[Information provided Boundary: Start]

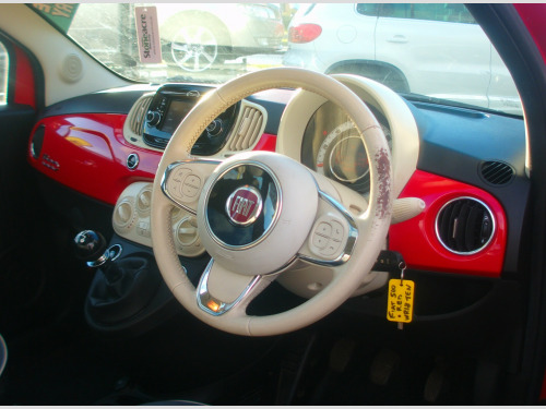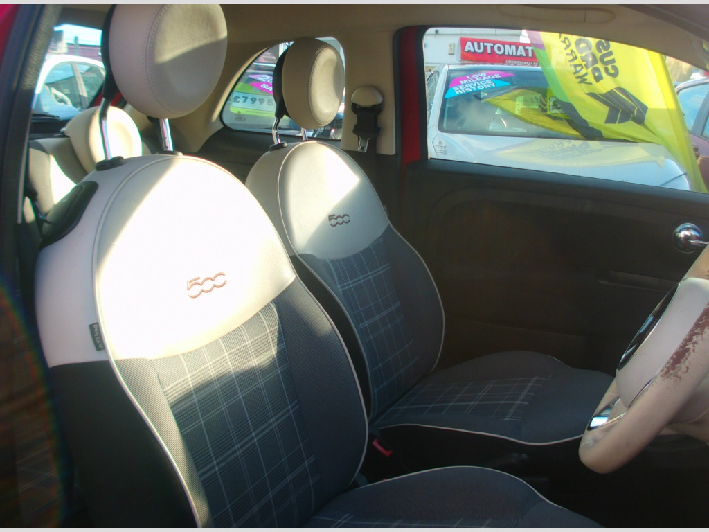 2018 FIAT 500 LOUNGE 1.2 3 DOOR, RED, 96,836 MILES, 2 OWNERS, 4 STAMP SERVICE HISTORY, DAB RADIO, BLUETOOTH, USB, AUX, PANORAMIC ROOF, PARKING SENSORS, LEATHER AND CLOTH UPHOLSTERY, E/MIRRORS, E/WINDOWS, ULEZ COMPLIANT, ISOFIX, ABS, MULTI AIR BAGS, FRONT FOGS, R/W/WIPE, 15'' ALLOY WHEELS, SUSSEX, EAST SUSSEX, EASTBOURNE, BN23 6PJ, 01323 643326, r conditioning, bluetooth connection, half leather, panoramic sunroof, multi-function steering wheel, parking sensors, power steering, traction control, abs, isofix child seat anchor points, multiple airbags, electric mirrors, electric windows, auxiliary input socket, alloy wheels, colour coded body, front fog lights, rear wash/wipe, dab radio, ulez compliant, usb, zero admin charge
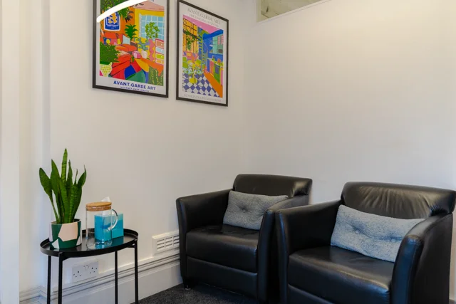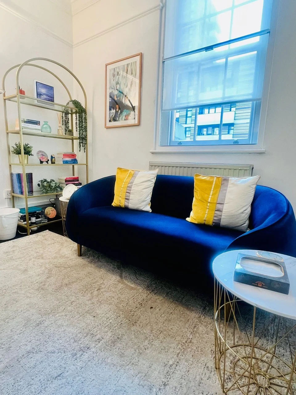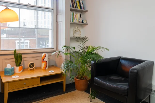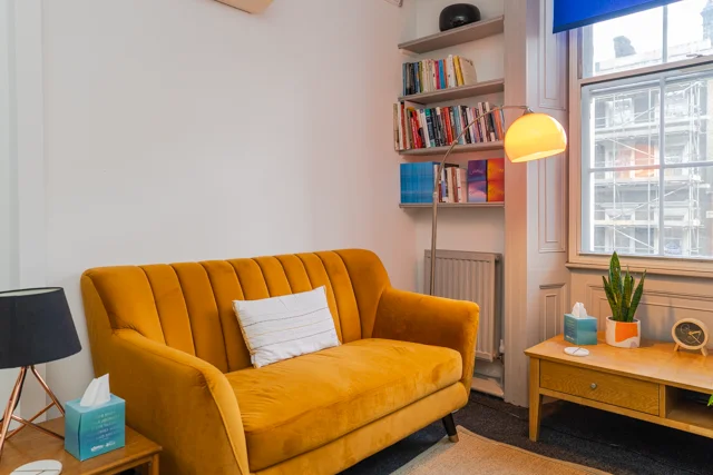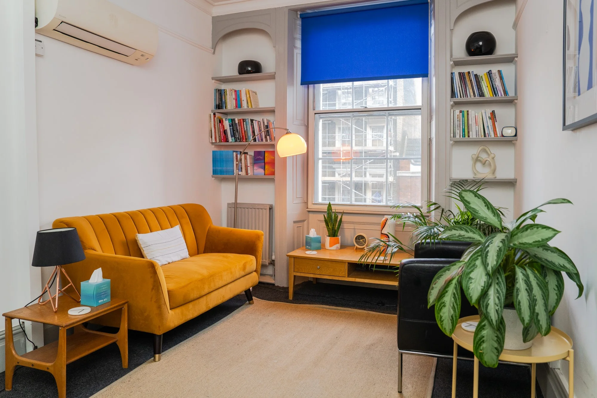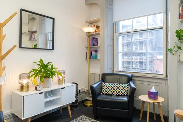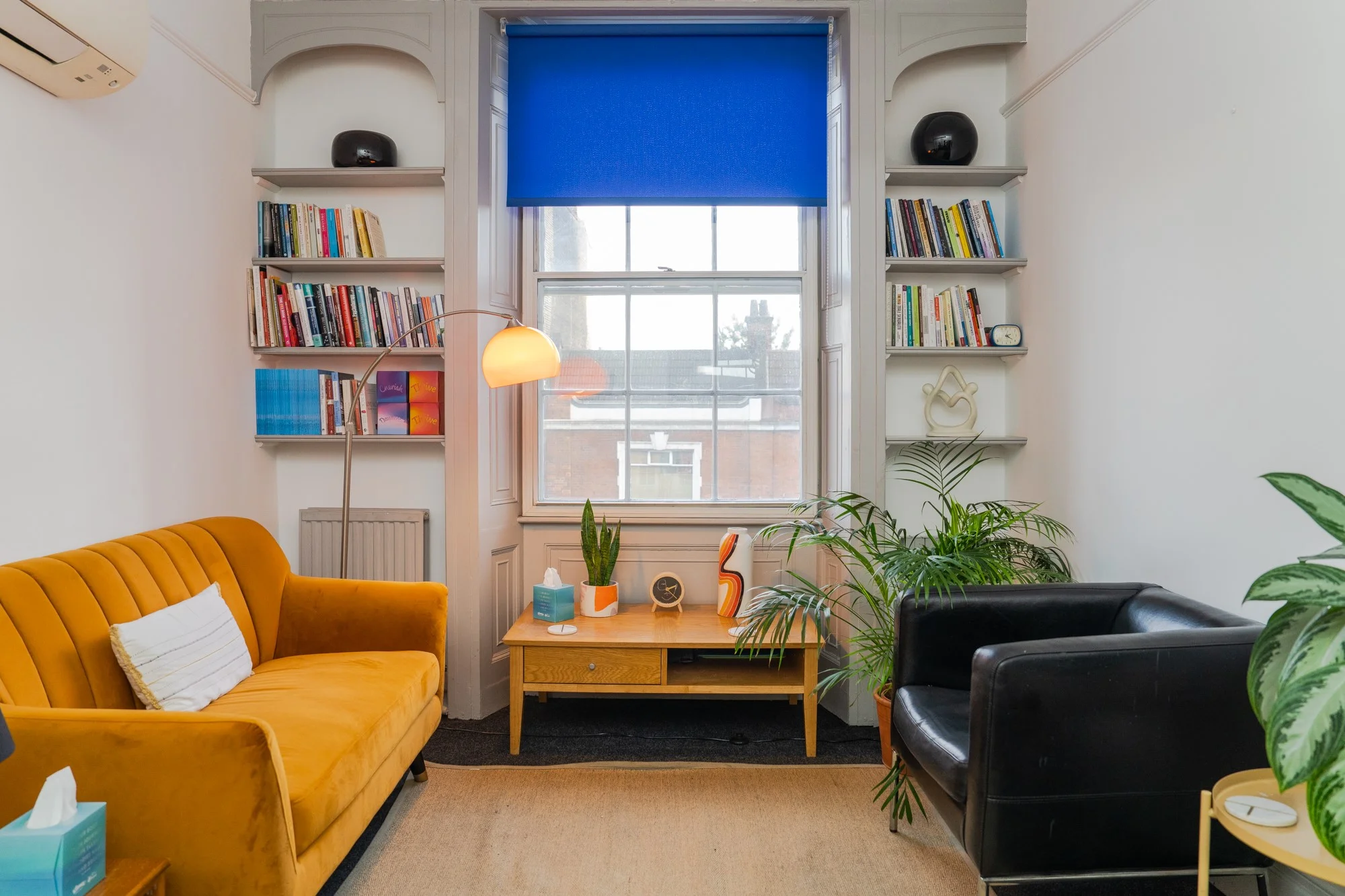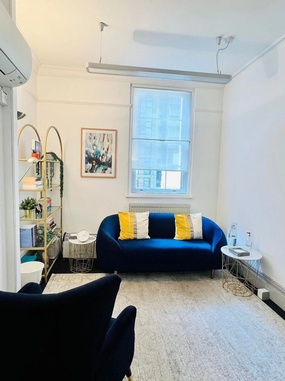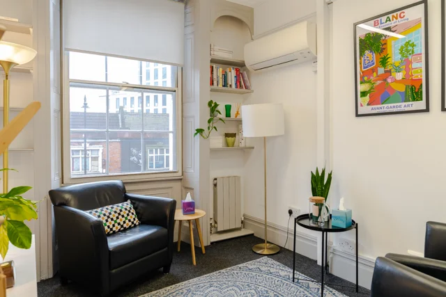 We are on the second floor of a lovely three storey townhouse and all rooms have remote operated air conditioning and are sound proofed with double glazed windows. Choose from four of our therapy rooms suitable for talking therapies with individuals, couples and families, see photos below:
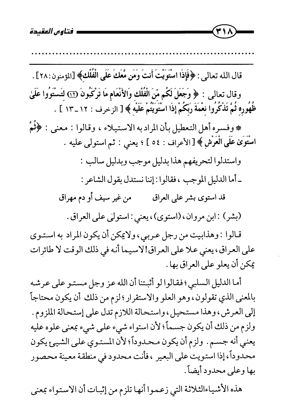قالوا: وهذا بيت من رجل عربي، ولا يمكن أن يكون المراد به استوى على العراق، يعني علا على العراق! لا سيما أنه في ذلك الوقت لا طائرات يمكن أن يعلو على العراق بها.

[Information provided Boundary: End]

- **Work order**
Once the pictures are set aside, give the rest of the material again unchanged.

- **Output for this task**
 2018 FIAT 500 LOUNGE 1.2 3 DOOR, RED, 96,836 MILES, 2 OWNERS, 4 STAMP SERVICE HISTORY, DAB RADIO, BLUETOOTH, USB, AUX, PANORAMIC ROOF, PARKING SENSORS, LEATHER AND CLOTH UPHOLSTERY, E/MIRRORS, E/WINDOWS, ULEZ COMPLIANT, ISOFIX, ABS, MULTI AIR BAGS, FRONT FOGS, R/W/WIPE, 15'' ALLOY WHEELS, SUSSEX, EAST SUSSEX, EASTBOURNE, BN23 6PJ, 01323 643326, r conditioning, bluetooth connection, half leather, panoramic sunroof, multi-function steering wheel, parking sensors, power steering, traction control, abs, isofix child seat anchor points, multiple airbags, electric mirrors, electric windows, auxiliary input socket, alloy wheels, colour coded body, front fog lights, rear wash/wipe, dab radio, ulez compliant, usb, zero admin charge
 We are on the second floor of a lovely three storey townhouse and all rooms have remote operated air conditioning and are sound proofed with double glazed windows. Choose from four of our therapy rooms suitable for talking therapies with individuals, couples and families, see photos below:
قالوا: وهذا بيت من رجل عربي، ولا يمكن أن يكون المراد به استوى على العراق، يعني علا على العراق! لا سيما أنه في ذلك الوقت لا طائرات يمكن أن يعلو على العراق بها.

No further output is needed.